As we were wrapping things up and heading for the cars, one of the sweet girls, Courtney, jumped on my back. She was the first to greet me as I got out of the vehicle, and she wanted to be the last to say farewell. She and I became very close in my first 5 months, and it is such a joy to be back in her life again for the next 6 months. What a wonderful young girl. I just wish she knew that. I just want everything for her, but I know there’s only so much I can do. Nonetheless, I will do everything I can to make her feel loved while I am present. We laughed and danced and skipped. She just gets me, even though most of the time we can’t understand each other verbally. Her smile just warms my heart. It is just a glimpse of the purpose God has for me here. As we drove away, I looked back to see her waving and flashing that lovely smile… I saw God’s face in that moment.
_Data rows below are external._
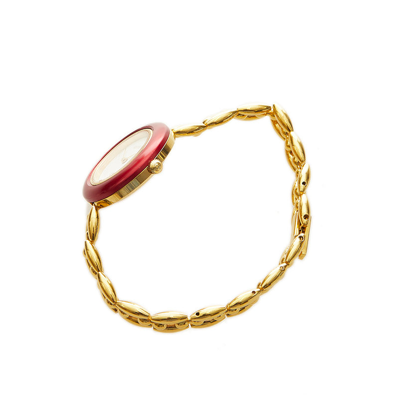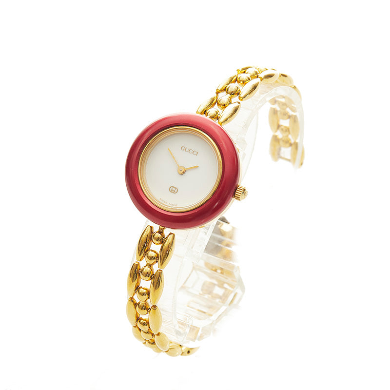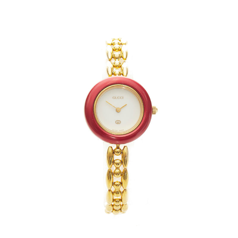 グッチ チェンジベゼル メッキ 腕時計 レディース GUCCI クオーツ ホワイト文字盤 【中古】
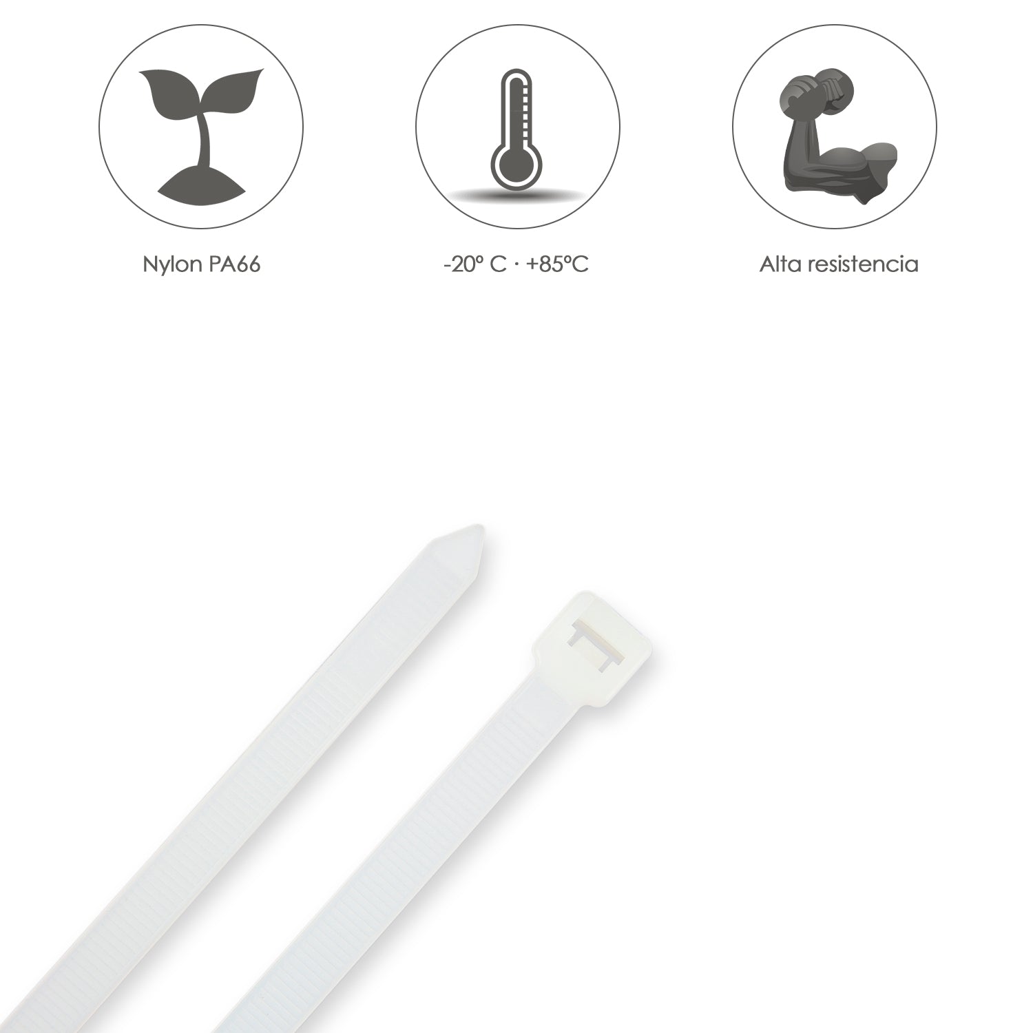 Abraçadeira 100% nylon. Branca/Natural. 4,5 x 280 mm. Pacote com 100 unidades. Abraçadeira de plástico, organizadora de cabos, alta resistência.
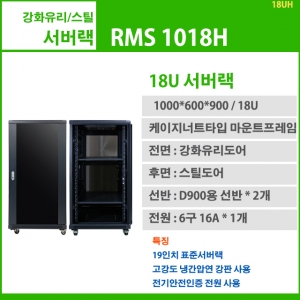 RMS 1018H-A (H1000 x W600 x D900, 18U, F강화유리/R스틸 서버랙) 19인치표준서버랙, 18U, 1000x600x900, 선반2개, 6구전원1개
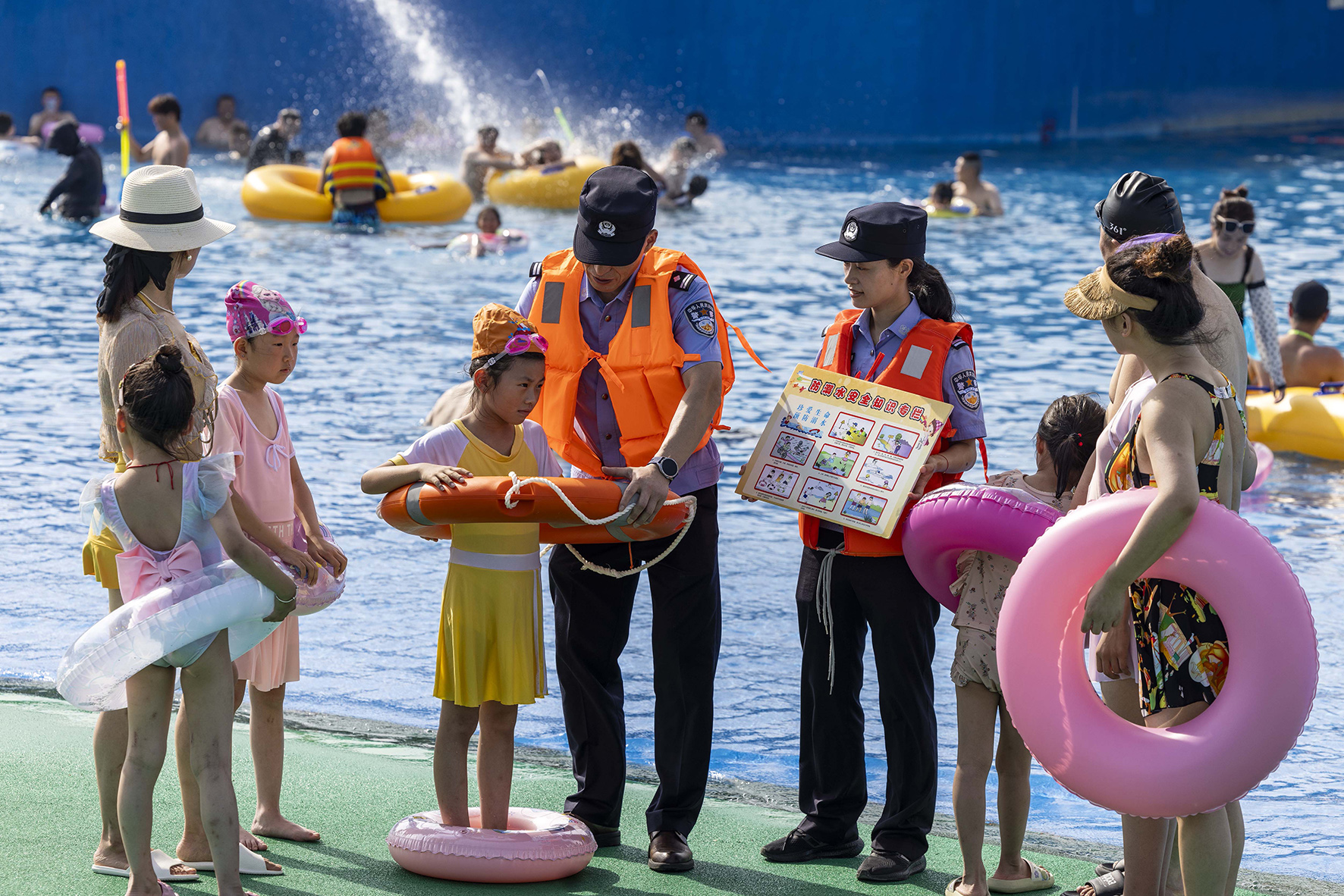 7月7日,江蘇省泰州市公安局海陵分局聯(lián)合泰州市紅十字應(yīng)急救援隊把防溺水自救培訓(xùn)的安全課堂搬到水上樂園,通過現(xiàn)場講解、模擬急救等形式,為家長和兒童詳細(xì)講解防溺水及自救知識。
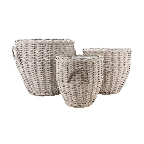 Äggformade, flätade korgar med dekorativa handtag. Passar utmärkt för trädgården och altanen. Kan köpas var för sig eller som hel grupp.
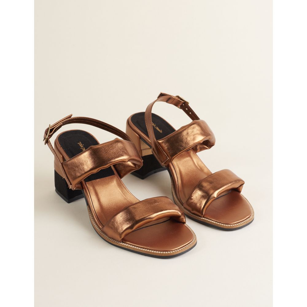 Sandália Alta Duas Tiras Soft Com Fivela - Bronze
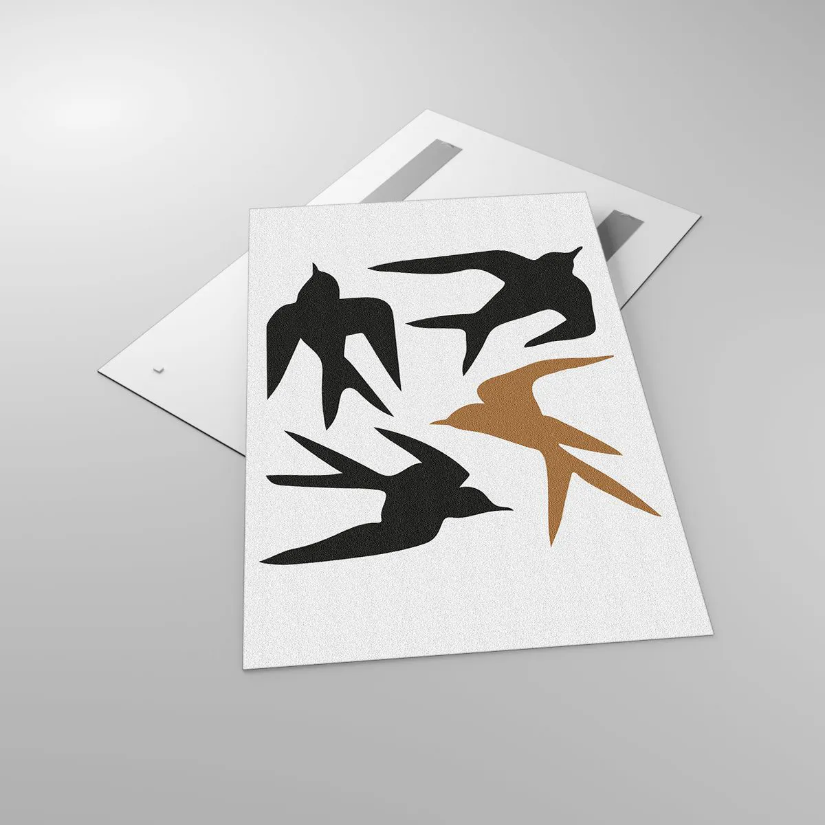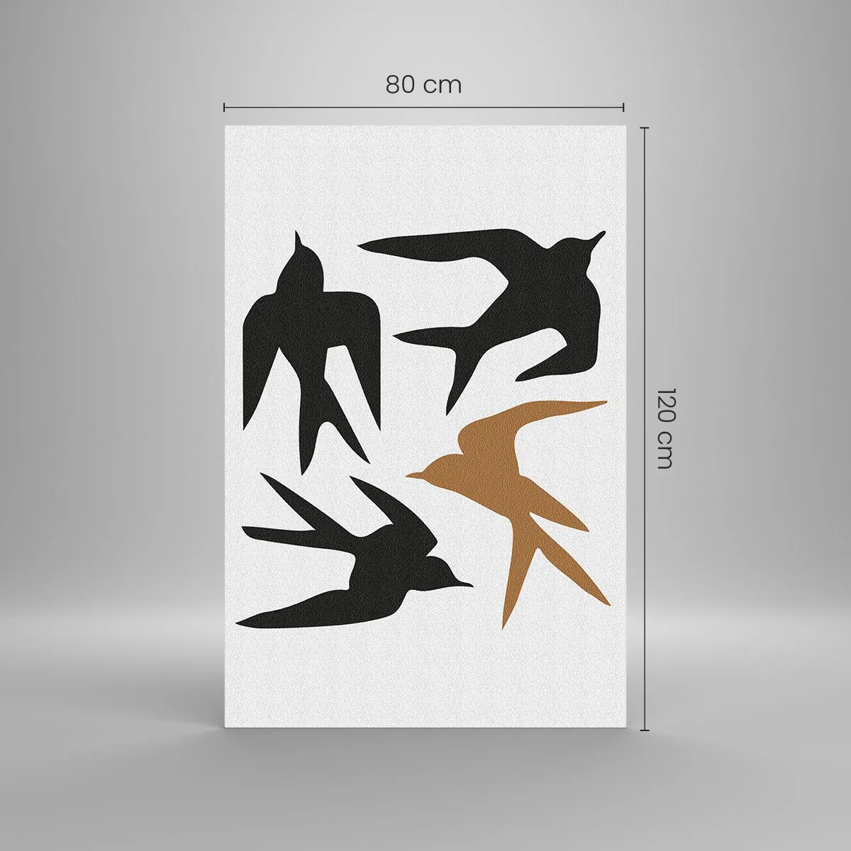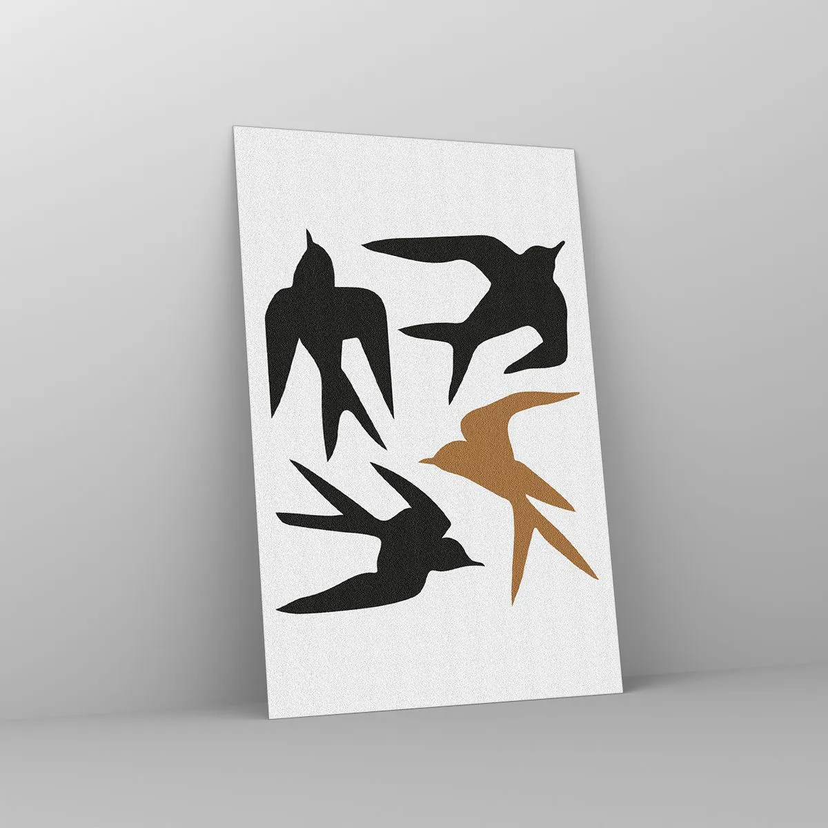 Glasbild - Bild auf glas - Silhouetten von Schwalben in Schwarz und Gold - 80x120cm - Schwalbenspaß - Moderne Wanddekoration für Wohnzimmer und Schlafzimmer ARTTOR

Everyday here in Cape Town can leave me awestruck. But the farm will always hold a special place in my heart. The sights, the smells, the smiles, all of it… pure, true love. It’s great to be back here. I needed to reclaim this part of my heart.

-Kristen

2 comments:

  1. This is very encouraging to me, and puts my heart at rest a little. One, because I'm going to be on a ranch in Mexico the next six months, and two, because somewhere on the other side of the world, I think that sort of thing is waiting for me when I finally get there. Thanks for sharing!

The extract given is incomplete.